Material provided
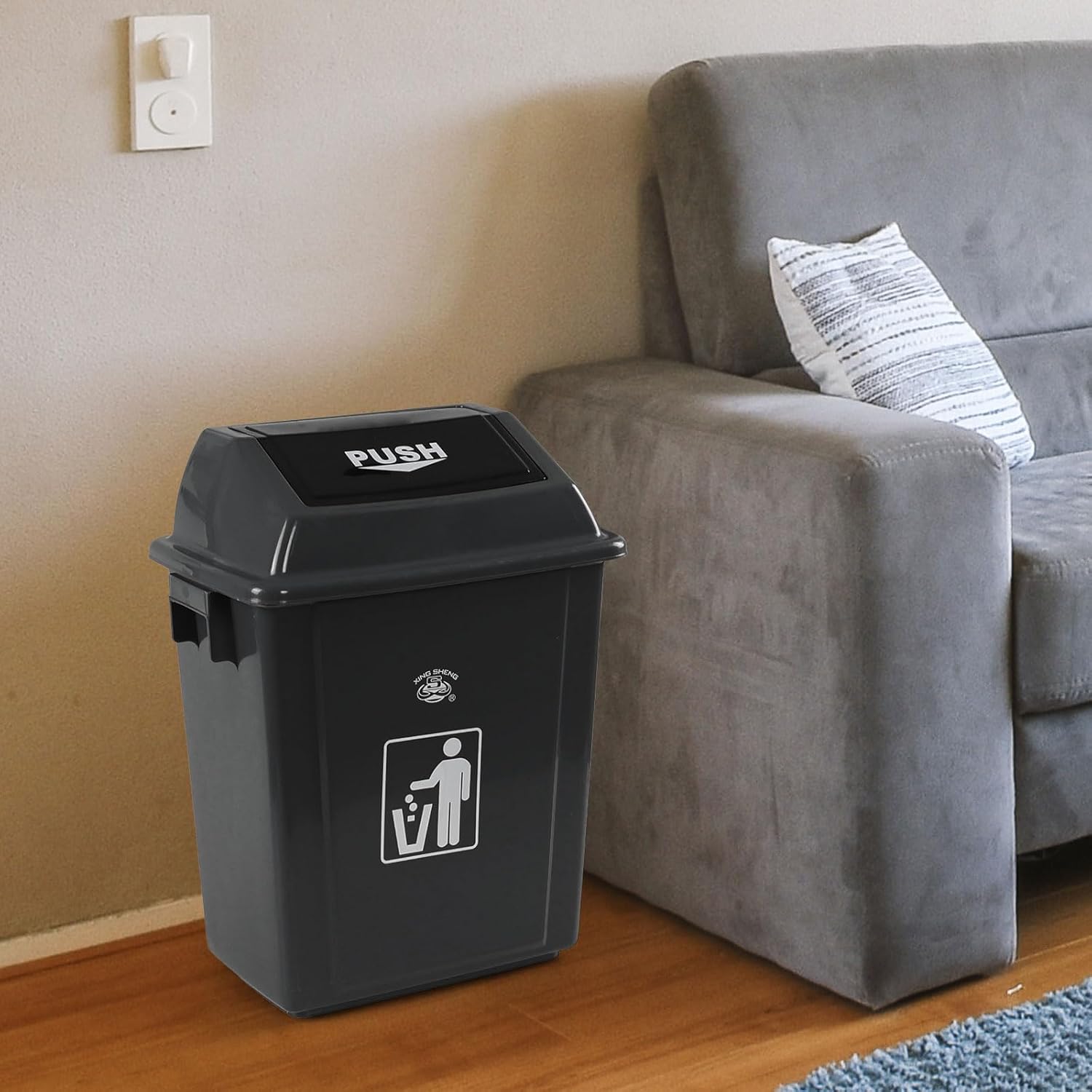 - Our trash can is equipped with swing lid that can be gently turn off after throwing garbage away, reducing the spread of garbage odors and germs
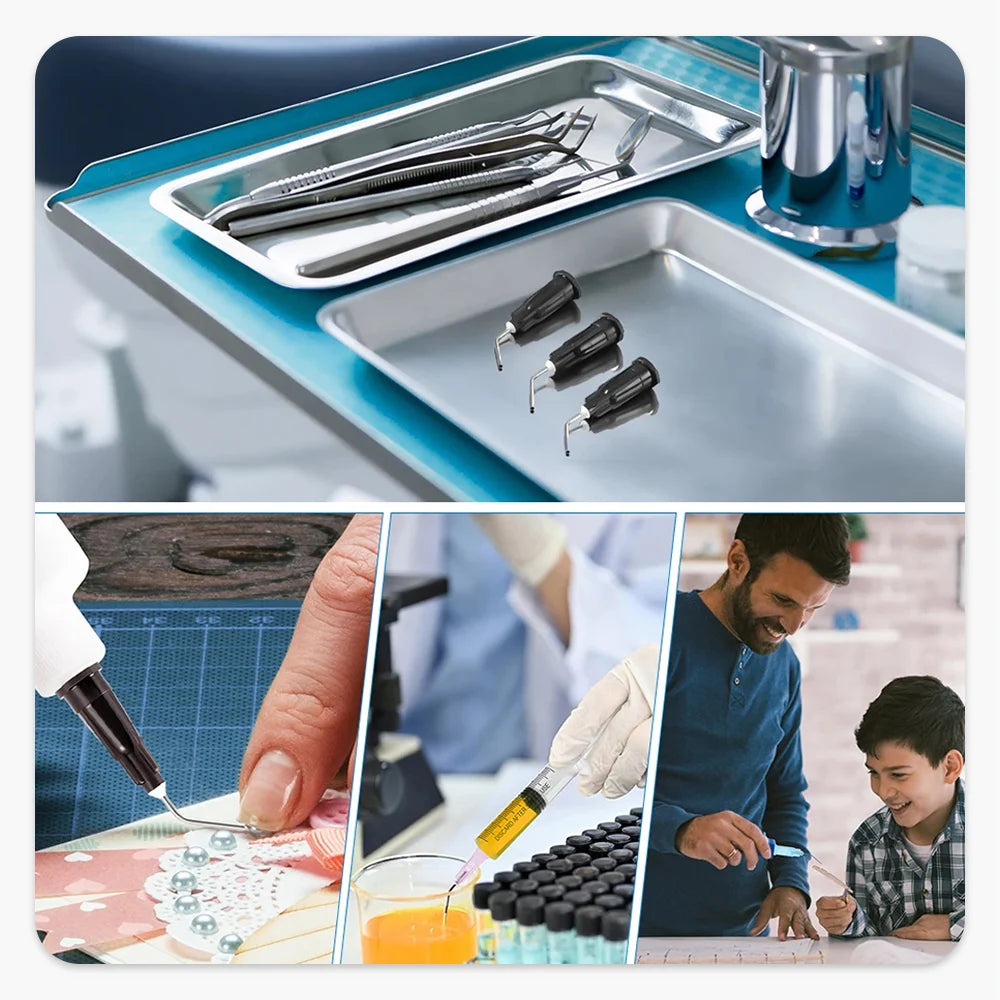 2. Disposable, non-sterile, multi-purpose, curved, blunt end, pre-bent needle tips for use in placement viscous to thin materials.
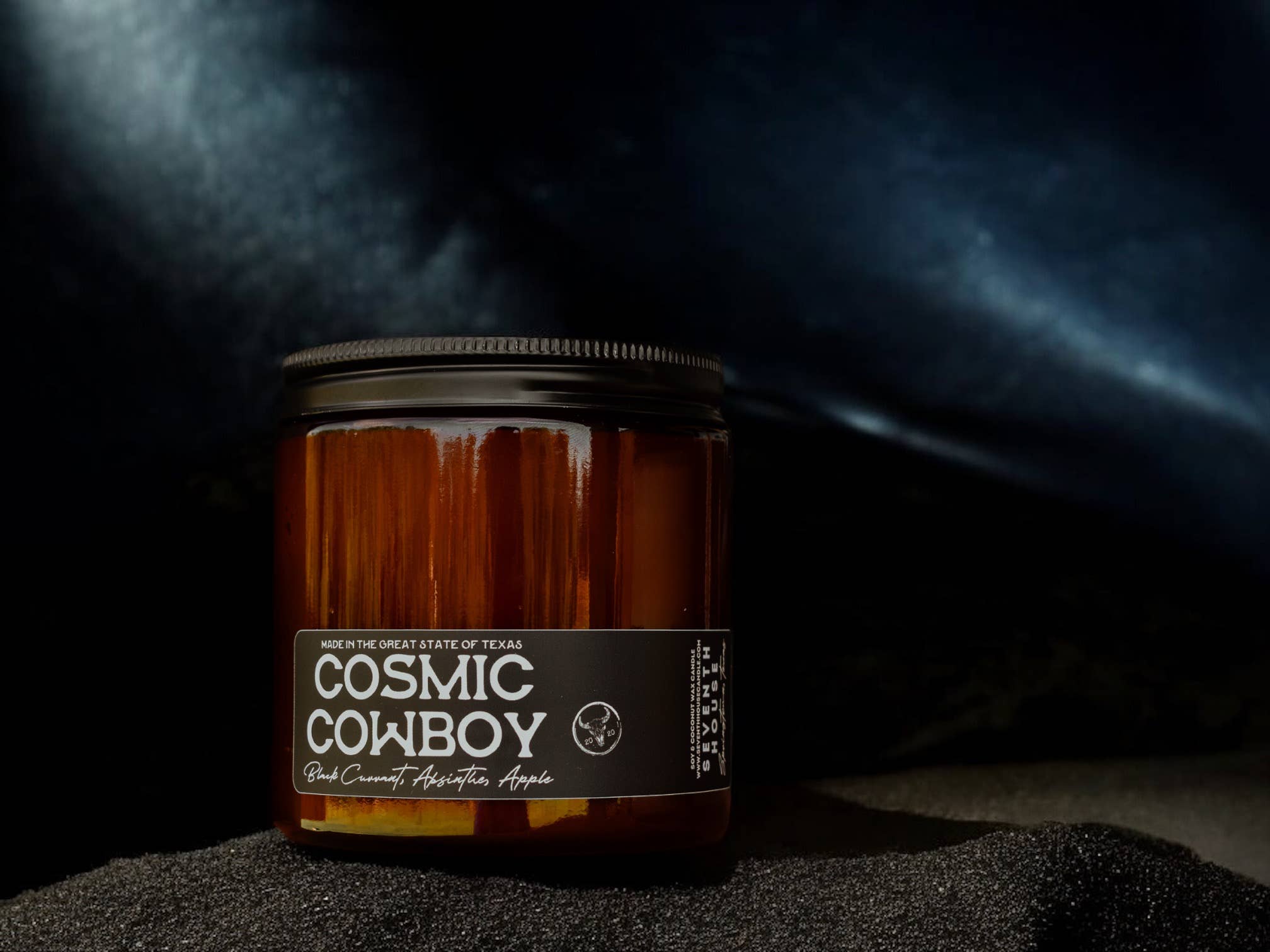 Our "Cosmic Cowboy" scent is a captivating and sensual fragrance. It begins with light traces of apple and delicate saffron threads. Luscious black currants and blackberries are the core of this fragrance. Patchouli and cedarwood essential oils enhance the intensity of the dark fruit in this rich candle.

Exercise brief
Transcribe the listing exactly; omit all images.

Answer area
 - Our trash can is equipped with swing lid that can be gently turn off after throwing garbage away, reducing the spread of garbage odors and germs
 2. Disposable, non-sterile, multi-purpose, curved, blunt end, pre-bent needle tips for use in placement viscous to thin materials.
 Our "Cosmic Cowboy" scent is a captivating and sensual fragrance. It begins with light traces of apple and delicate saffron threads. Luscious black currants and blackberries are the core of this fragrance. Patchouli and cedarwood essential oils enhance the intensity of the dark fruit in this rich candle.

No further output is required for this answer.